Prompt. The data below should be printed in full, exactly, and without any of its images.

Dataset extract.
****************

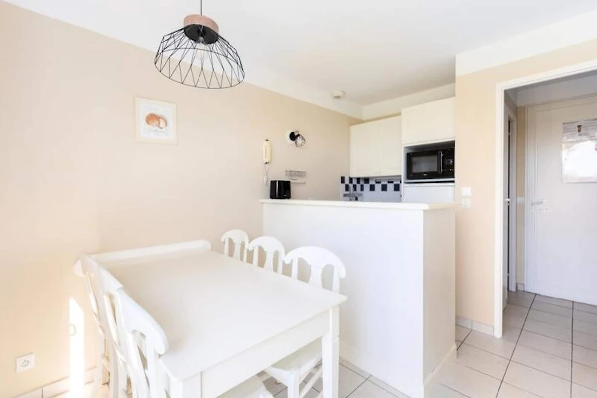 Uw vakantiewoning omvat: 1 woonkamer, 1 keuken, 2 slaapkamers, 1 badkamer, 1 apart toilet, terras.
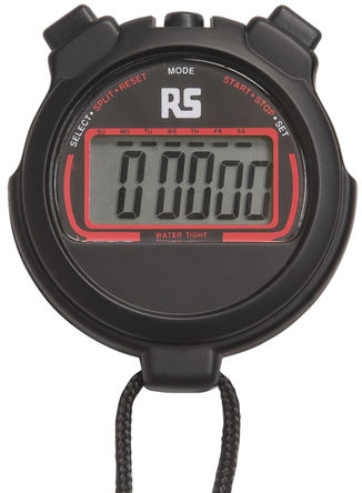 RS Pro 509RS 黑色 袖珍型 1/100s 电池运作 数字 秒表, 尺寸64 x 58mm
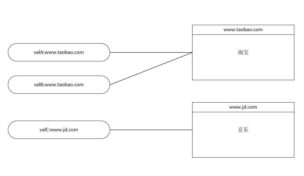 右侧有两个对象分别是淘宝和京东,左侧我们定义了三个变量来保存这个对象的地址(和上边的例子是一样的)

****************

Exercise solution.
 Uw vakantiewoning omvat: 1 woonkamer, 1 keuken, 2 slaapkamers, 1 badkamer, 1 apart toilet, terras.
 RS Pro 509RS 黑色 袖珍型 1/100s 电池运作 数字 秒表, 尺寸64 x 58mm
 右侧有两个对象分别是淘宝和京东,左侧我们定义了三个变量来保存这个对象的地址(和上边的例子是一样的)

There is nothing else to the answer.